Rita 1

As a young woman Rita might as well have been Rochester royalty. Her father was deputy Sheriff of the police department, and he was one of those gruff old time non-nonsense cops who swung a Billy club around the chip on his shoulder like an Irish stereotype. Rita was a flirt, but she was smart, educated and blessed with the good looks and figure of a small-town starlet. Eventually, she met my Grandfather Bill and gave birth to my uncle and father. Together they raised the kids on military bases all around the world before returning to the States to ease comfortably into retirement with a regular schedule of gardening, competition card games and the quest for the perfect Manhattan cocktail.

Rita was a unique and interesting storyteller too. Her tales were mostly about her spoiled childhood or her travels around Asia and Europe with my grandfather, but after he died she began to rack up quite the collection of solo adventure tales.

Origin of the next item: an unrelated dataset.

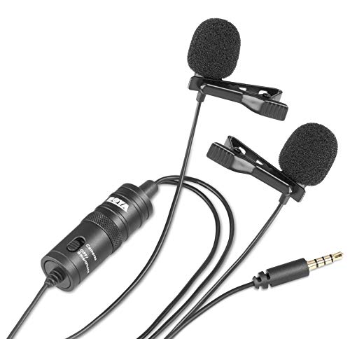 BOYA BY-M1DM Microfono Lavalier Dual Omnidirezionale bavero Clip-on Condensatore Microfono per Canon Nikon Sony DSLR Camera Camcorder per iPhone Samsung Huawei Smartphone Registratori audio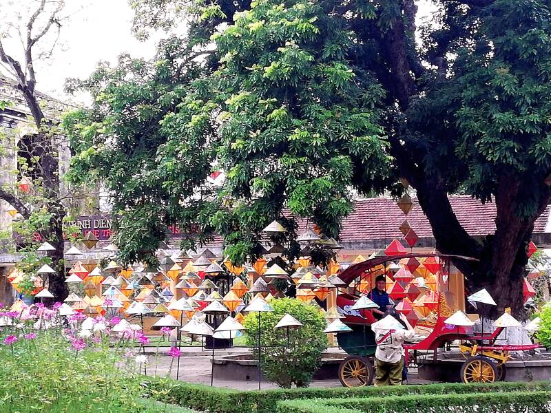 De volgende morgen komen we aan in Hué. Door de treinwissel zijn we echter twee uren kwijt, wat ons programma zwaar onder druk zet. Ik begreep al niet waarom we in deze voormalige keizerstad maar één dag bleven. Er is zoveel te zien dat je er gemakkelijk drie dagen kunt verblijven.

From her cruises around the arctic to tracing the passions of Christ through Jerusalem she always seemed to be doing something epic. She was vicious but sincere of her criticisms of others. Her opinions often seemed outdated but were conveyed with such enthusiasm as to make you sometimes question your own convictions. These subjects included race, the church, and politics. Basically, all the no-no’s of polite conversation.

When I was about 20 years old my college friends and I piled into an old 1978 AMC Concord with no power steering or brakes but a giant rebuilt V8 engine and drove down to Camp Hill, PA from Brooklyn, NY to give her a proper weekend visit. That would have been about 1992 or 93 and she still lived in the same house I’d always known as a child. The one with the enormous tree in the backyard and the green bean stalks growing up the north side near the wild strawberry patches. There she sat on the porch waiting for us, chain smoking Winston lights and petting her tiny poodle companion Tiffany.

Conversation would inevitably turn to her family roots Rochester and her early memories of growing up in that place with her now estranged brother George.  How the Connell family ended up in Rochester, how they all left and what happened to George are all fascinating stories for another time.